WHAT YOU HAVE TO DO:
Please set out each line below exactly as it stands, without the images.

RECORDS FOR THIS EXERCISE:
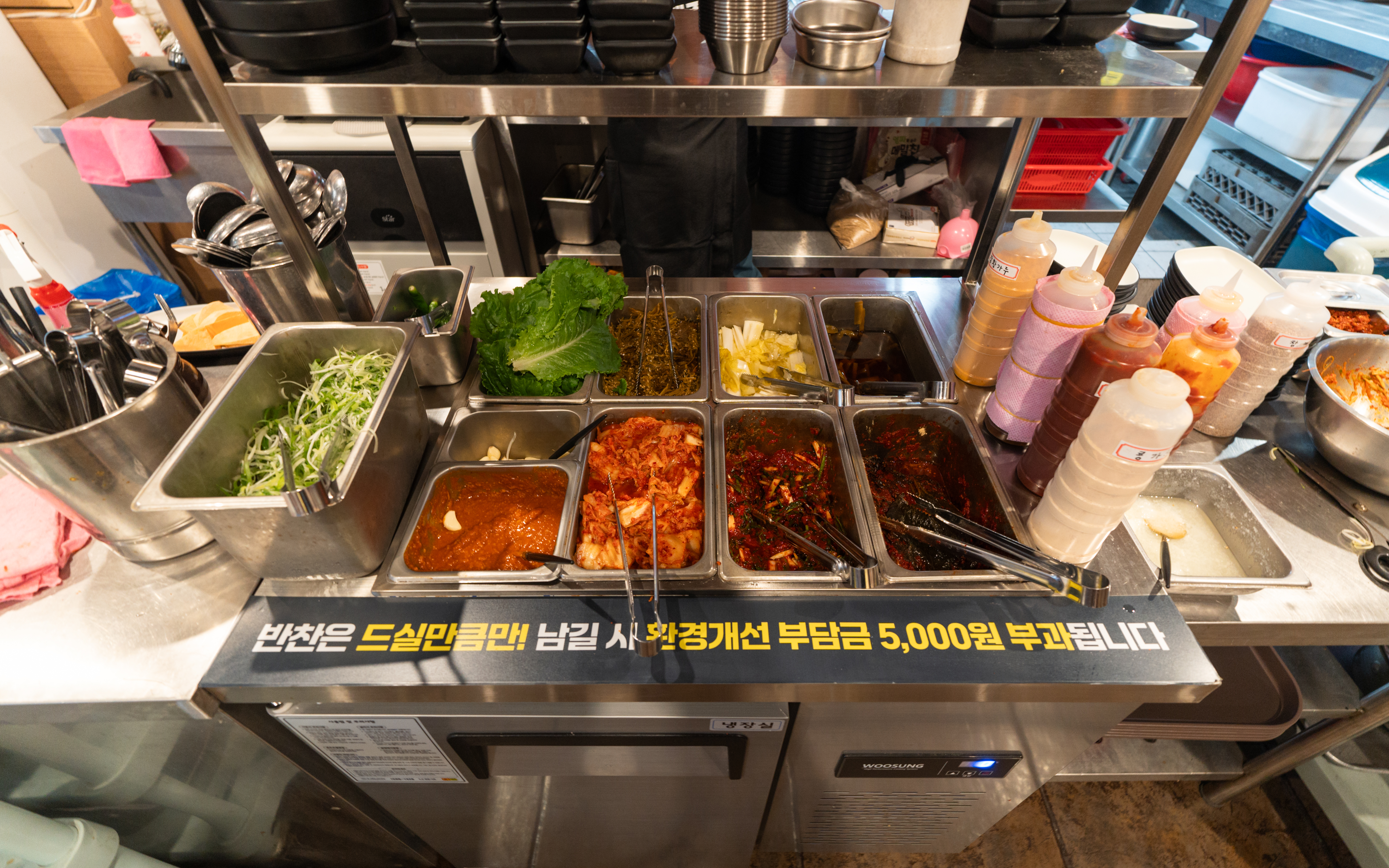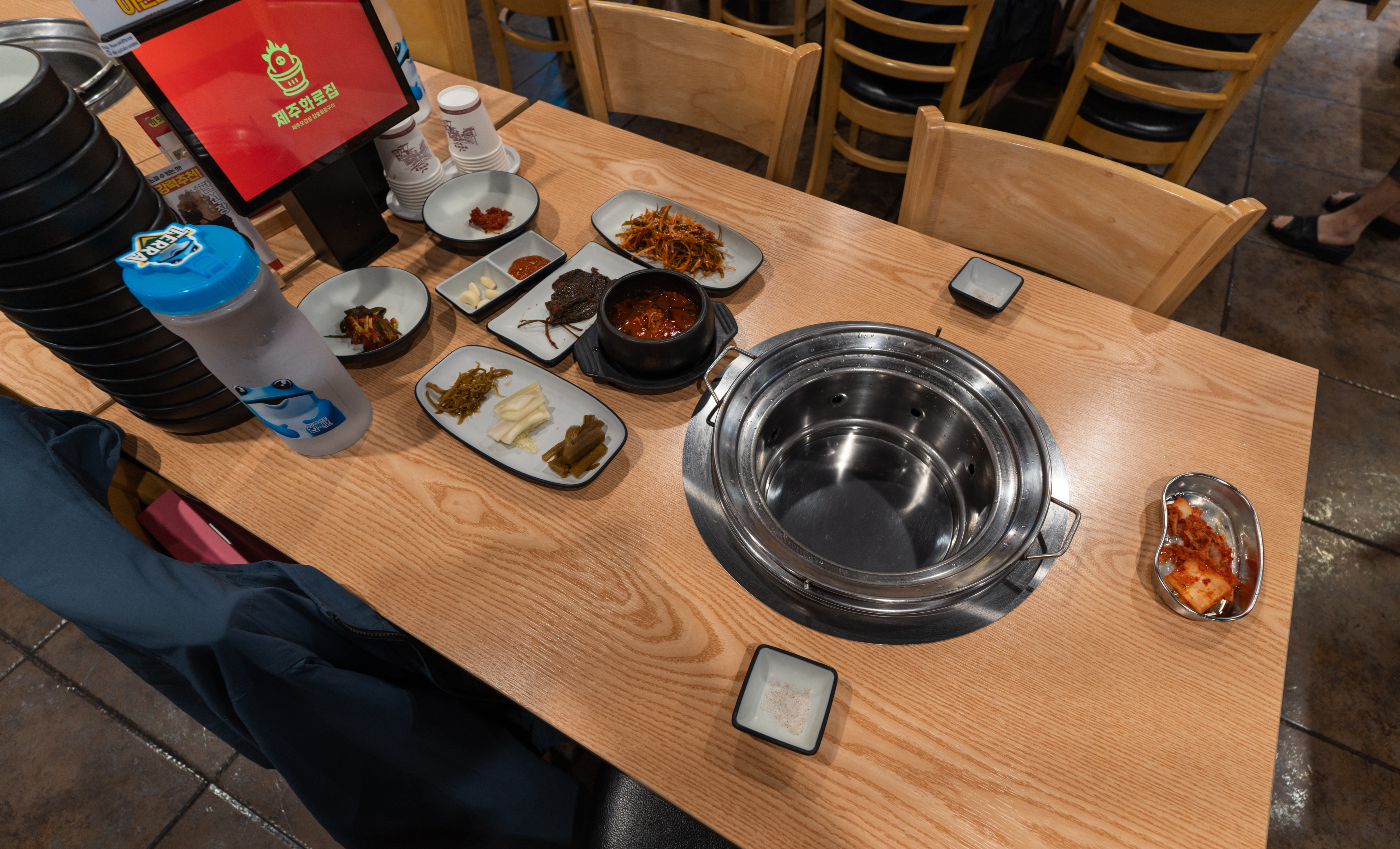 제주화로집 가락점은 기본적으로 메뉴를 자리에 위치한 태블릿으로 주문하였고, 부족한 반찬은 셀프바에서 직접 가져다 먹을 수도 있었습니다. 처음에는 삼겹살과 목살이 기본적으로 제공되었고, 이후에는 껍데기, 양념갈비를 포함해 4종류의 메뉴를 직접 주문할 수 있었습니다.
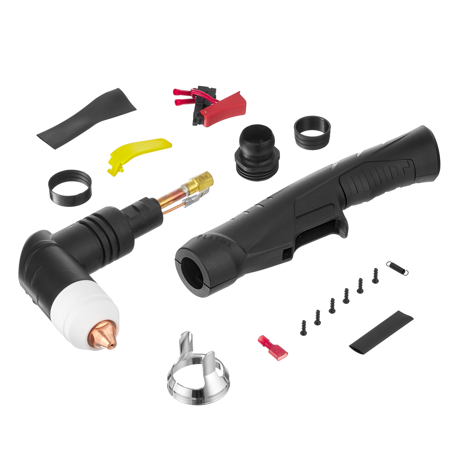 Комплектация:Головка плазмотрона CP 160 — 1 шт. Рукоятка — 1 шт. Насадка рожковая — 1 шт. Кнопка плазмотрона — 1 шт. Предохранительная скоба — 1 шт. Пружина скобы — 1 шт. Шарнир — 1 шт. Кольцо — 1 шт. Винты — 6 шт. Термоусадочная трубка — 2 шт.Уплотнитель — 1 шт. Клемма — 1 шт.
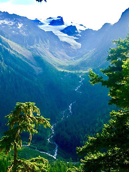 The Hoh River Trail is nestled in the Pacific Northwest's Olympic National Park and leads to the Mount Olympus Blue Glacier. This trail is in one of the wettest regions in the lower 48 states and is known for its spectacular temperate rainforest, subalpine meadows and montane forest.
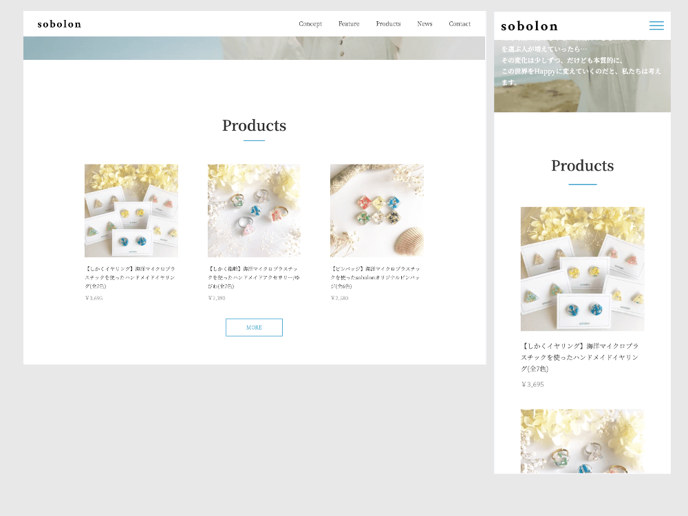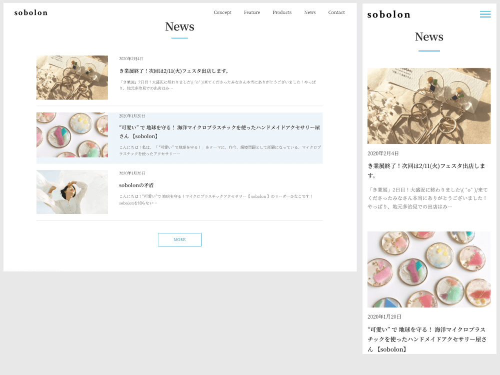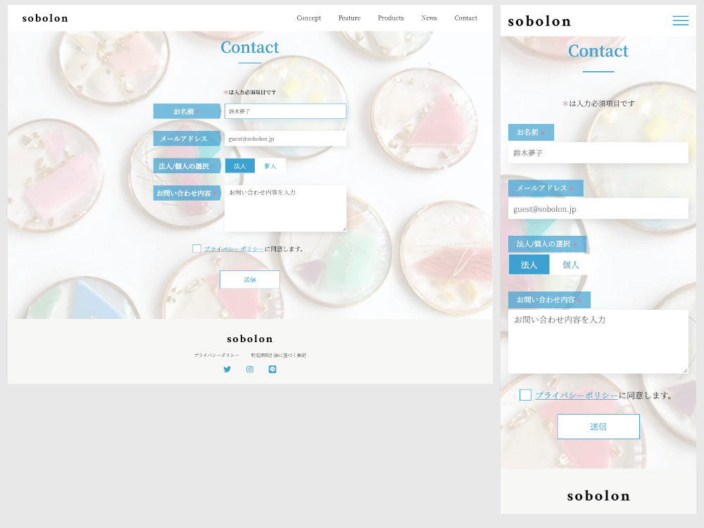レスポンシブ対応は主にdisplay flexで対応。スマフォ表示時のヘッダーメニューのハンバーガーアイコン〜Drawerメニュー表示切り替え部分やスムーススクロールはjQueryを使用。その他各リンク部分やコンタクトフォームのhoverやfocus時の強調表示を追加。
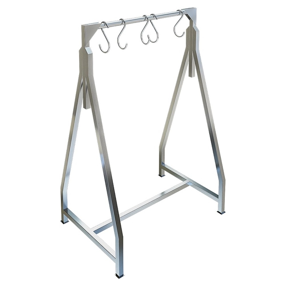 Вешало Техно-ТТ СТС-931/1000 предназначено для подвешивания мясных туш с целью замораживания, дефростации на предприятиях пищевой промышленности, общественного питания и торговли. Модель состоит из боковин треугольной формы, узла подвеса, усиливающих продольной и поперечных нижних перекладин и подпятниками для крепления к полу. Сварной каркас выполнен из профиля трубы квадратного сечения из нержавеющей стали марки AISI304, перекладина подвеса – из профиля трубы круглого сечения. Изделие поставляется в собранном виде.
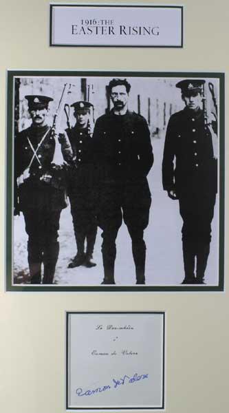 Signature on a with compliments slip. Attractively framed with modern copy photograph of Eamon De Valera as a prisoner after the 1916 Rebellion
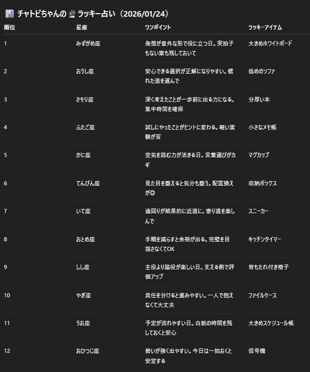 チャトピちゃん占い(01/24) 2026/01/23 使用したAI ChatGPT #チャトピちゃん占い 明日の運勢をお届けーチャトピちゃん占いー 呪文 入力なし ねこなみさくら 9,378 投稿 フォロー 1,142 フォロワー 1,256 ねこなみさくらは下記が好きな方に効果があります猫/メイドさん/猫耳/ろりっ子/謎な物/くすっとしたい/日替わり画像投稿量が多いのでホームの閲覧がお勧めです呪文やネタの利用はご自由にーR-15・18もー↓いろいろまとめーhttps://www.chichi-pui.com/posts/7835be9f-d077-48bb-b2c8-bbcb1003bf19/ ねこなみさくらさんの他の作品 ねこなみさくらさんの他の作品 [問題に解答]「か◯(助詞)◯◯るんだな」の解答 ねこなみさくら The Long Dark ねこなみさくら SIMPLEシリーズシリーズ ねこなみさくら チャトピちゃん占い(01/24) ねこなみさくら [問題に解答]巨大モニターの解答 ねこなみさくら [問題に解答]「か◯(助詞)◯◯るんだな」の解答 ねこなみさくら The Long Dark ねこなみさくら SIMPLEシリーズシリーズ ねこなみさくら チャトピちゃん占い(01/24) ねこなみさくら [問題に解答]巨大モニターの解答 ねこなみさくら 今日のこはるさん ねこなみさくら

RESULT FOR THIS TASK:
 제주화로집 가락점은 기본적으로 메뉴를 자리에 위치한 태블릿으로 주문하였고, 부족한 반찬은 셀프바에서 직접 가져다 먹을 수도 있었습니다. 처음에는 삼겹살과 목살이 기본적으로 제공되었고, 이후에는 껍데기, 양념갈비를 포함해 4종류의 메뉴를 직접 주문할 수 있었습니다.
 Комплектация:Головка плазмотрона CP 160 — 1 шт. Рукоятка — 1 шт. Насадка рожковая — 1 шт. Кнопка плазмотрона — 1 шт. Предохранительная скоба — 1 шт. Пружина скобы — 1 шт. Шарнир — 1 шт. Кольцо — 1 шт. Винты — 6 шт. Термоусадочная трубка — 2 шт.Уплотнитель — 1 шт. Клемма — 1 шт.
 The Hoh River Trail is nestled in the Pacific Northwest's Olympic National Park and leads to the Mount Olympus Blue Glacier. This trail is in one of the wettest regions in the lower 48 states and is known for its spectacular temperate rainforest, subalpine meadows and montane forest.
レスポンシブ対応は主にdisplay flexで対応。スマフォ表示時のヘッダーメニューのハンバーガーアイコン〜Drawerメニュー表示切り替え部分やスムーススクロールはjQueryを使用。その他各リンク部分やコンタクトフォームのhoverやfocus時の強調表示を追加。
 Вешало Техно-ТТ СТС-931/1000 предназначено для подвешивания мясных туш с целью замораживания, дефростации на предприятиях пищевой промышленности, общественного питания и торговли. Модель состоит из боковин треугольной формы, узла подвеса, усиливающих продольной и поперечных нижних перекладин и подпятниками для крепления к полу. Сварной каркас выполнен из профиля трубы квадратного сечения из нержавеющей стали марки AISI304, перекладина подвеса – из профиля трубы круглого сечения. Изделие поставляется в собранном виде.
 Signature on a with compliments slip. Attractively framed with modern copy photograph of Eamon De Valera as a prisoner after the 1916 Rebellion
 チャトピちゃん占い(01/24) 2026/01/23 使用したAI ChatGPT #チャトピちゃん占い 明日の運勢をお届けーチャトピちゃん占いー 呪文 入力なし ねこなみさくら 9,378 投稿 フォロー 1,142 フォロワー 1,256 ねこなみさくらは下記が好きな方に効果があります猫/メイドさん/猫耳/ろりっ子/謎な物/くすっとしたい/日替わり画像投稿量が多いのでホームの閲覧がお勧めです呪文やネタの利用はご自由にーR-15・18もー↓いろいろまとめーhttps://www.chichi-pui.com/posts/7835be9f-d077-48bb-b2c8-bbcb1003bf19/ ねこなみさくらさんの他の作品 ねこなみさくらさんの他の作品 [問題に解答]「か◯(助詞)◯◯るんだな」の解答 ねこなみさくら The Long Dark ねこなみさくら SIMPLEシリーズシリーズ ねこなみさくら チャトピちゃん占い(01/24) ねこなみさくら [問題に解答]巨大モニターの解答 ねこなみさくら [問題に解答]「か◯(助詞)◯◯るんだな」の解答 ねこなみさくら The Long Dark ねこなみさくら SIMPLEシリーズシリーズ ねこなみさくら チャトピちゃん占い(01/24) ねこなみさくら [問題に解答]巨大モニターの解答 ねこなみさくら 今日のこはるさん ねこなみさくら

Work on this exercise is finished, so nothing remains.